Thanks for that Albert.
I'm no expert on RDF and haven't used it yet. There are areas where this sort of thing would be very useful to me, though the designs I see don't really hack it (yet).
Examples (I've replaced angle brackets with
( and ) in the following, the CMS system kills the markup!):
Attaching a tag to a link
(a href="http://technorati.com/tag/tech" rel="tag")tech(/a)
so you've got a form of tagging within a page. (Some other people are developing a similar idea to mark up e-mail. Seems popular in some quarters, may endure.)
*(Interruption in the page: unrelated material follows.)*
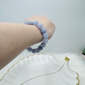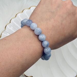 New 10mm Beaded Bracelet features a gorgeous light sky blue color with touches of cloud
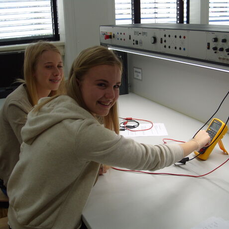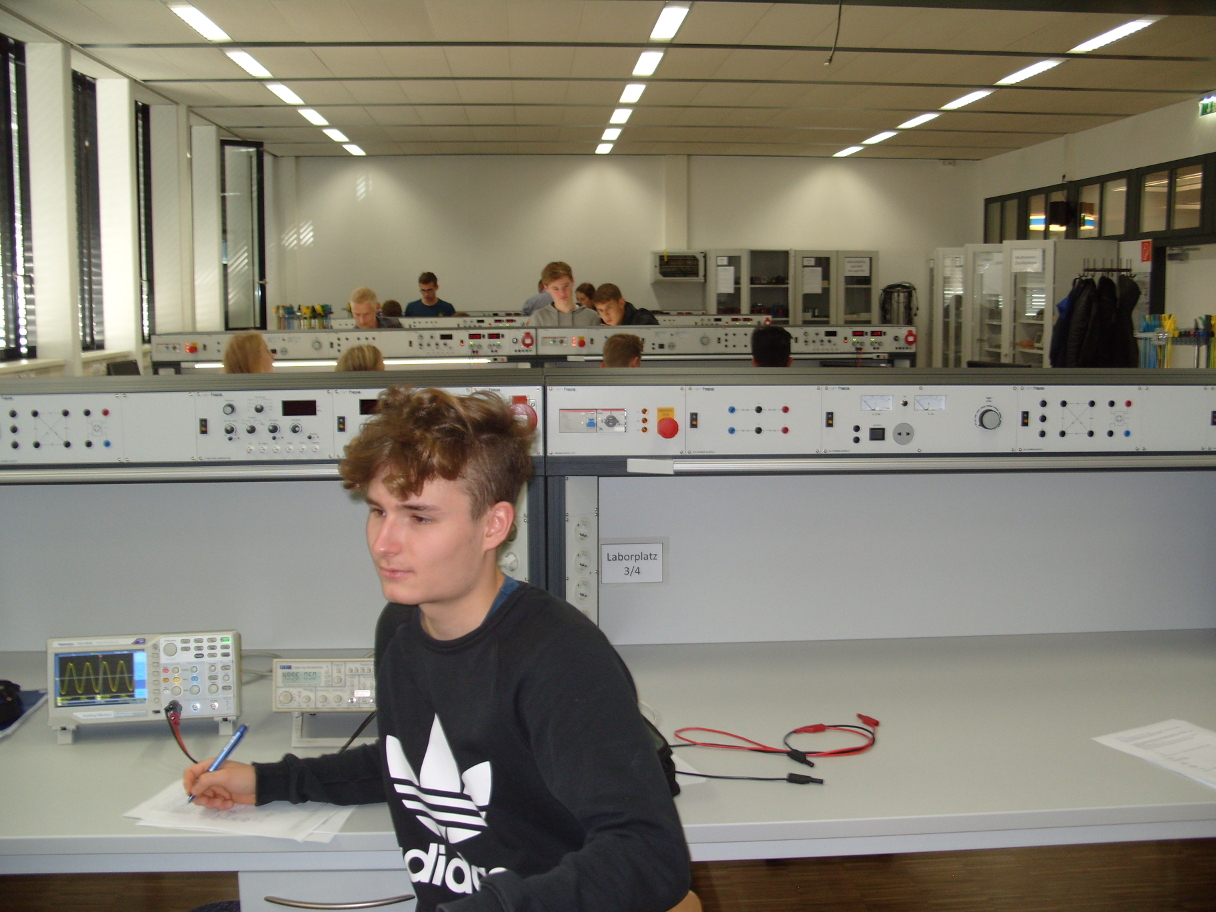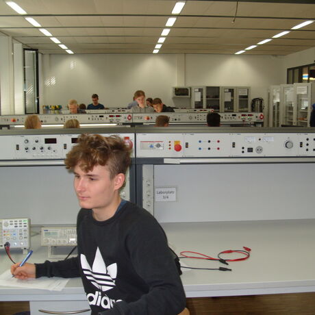 In den Übungen in diesem Raum bearbeiten die Schülerinnen und Schüler der dritten Klassen in Zweierteams in Messungen an Schaltungsaufbauten in verschiedenen Anforderungsstufen die wesentlichen Inhalte des elektrotechnischen Grundlagenstoffes der ersten Klassen.

Attaching license details to a link
(a href="http://creativecommons.org/licenses/by/2.0/" rel="license")cc by 2.0(/a)
There has been a need for something like this for a long time. Niche market.
Embedding your address details in a page is called "hCard ". I wouldn't do that myself too many spammers.
XFN or XHTML Friends Network. When I first saw this I thought it looked nuts. Now I'm not sure.
For more information try:
http://microformats.org/
and
http://en.wikipedia.org/wiki/Microformats
While the RDF approach might be technically better I'm unconvinced that we'll see it anytime soon. There's something in RDF called RDFa, which I haven't researched.
In technical fields there's huge potential, also pricing on web pages. This could be where it really takes off. Hidden to most but vital to some. I'm sure there's write ups in that area, but I've never seen one.